For me, those two lines are extremely motivating.

------
freehunter
>Your company will never ever ever ever be successful. Never Ever.

You've got some broken links in this one, such as [http://jessepollak.me/if-
you-got-rejected-from-yc-your-life-...](http://jessepollak.me/if-you-got-
rejected-from-yc-your-life-is-over/snapchat.com)

------
adamzerner
Good post. For some reason people have trouble matching their understanding
with their emotions. People who get rejected _understand_ that their life
isn't over, but they still _feel_ like it is. Reducto ad absurdum
([http://en.wikipedia.org/wiki/Reductio_ad_absurdum](http://en.wikipedia.org/wiki/Reductio_ad_absurdum))
arguments like this often help to bring your emotions up to speed with your
understanding.

------
seiyak
My intention for YC would be different from yours but you didn't start your
project for YC, didn't you ? I guess that you started to working on it with
motivation to achieve your goal or prove your concept besides becoming rich.

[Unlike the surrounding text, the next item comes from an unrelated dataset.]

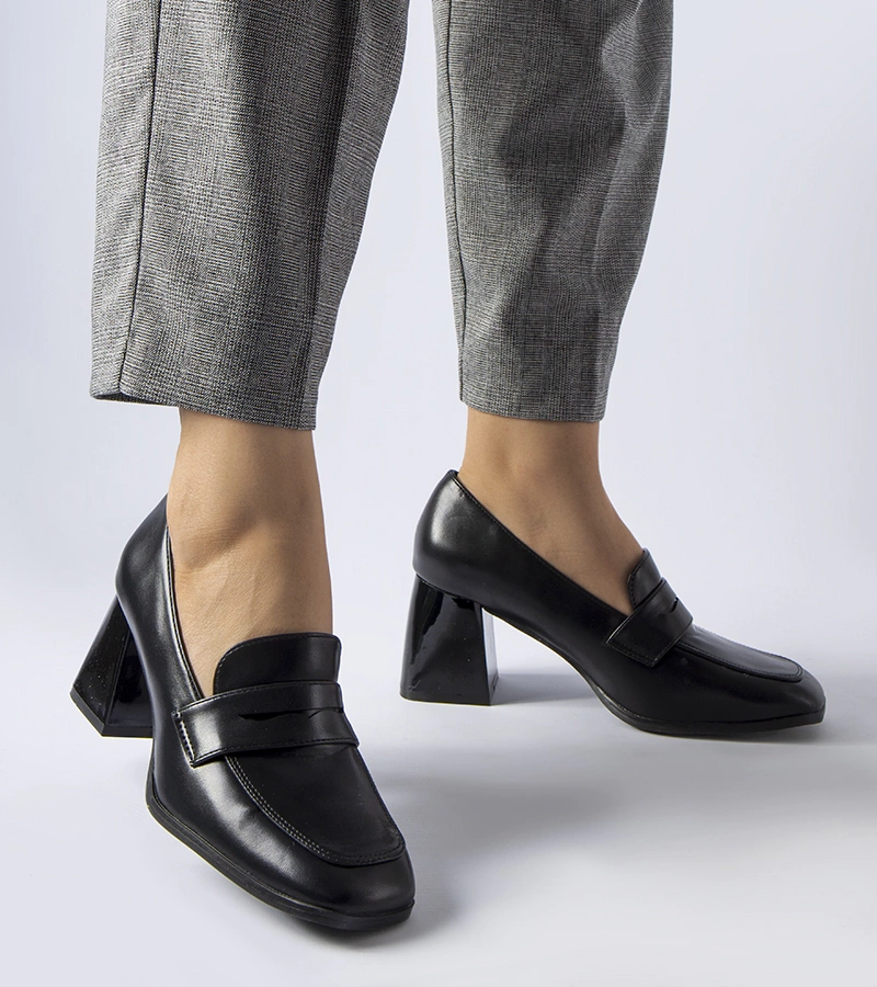 Černé lodičky na podpatku s přezkou a kamínky Vellus

I got a rejection letter yesterday but I don't give up my idea until I prove
the concept or I consider it's worthless. It's ok even though that YC rejects
my concept.

So don't throw that away.

------
joeblau
I remember an interesting tidbit that I heard from the YC ambassador at a
Commonwealth Club event. He said most companies in the history of the world
never went though YC. I look at YC like college; It's an opportunity, not a
guarantee.

------
memracom
Mehh...

Given that the overwhelming majority of YC applicants are young people and
that the majority of successful startups are founded by people over 35yo, I
would say that getting rejected from YC means that your life is just
beginning. Now you are free to go get a real job, to learn about a real
industry or two, and to acquire all the skills that you need to make a real
success. And when you are 40 or 50 years old, then you can make a real go at
it.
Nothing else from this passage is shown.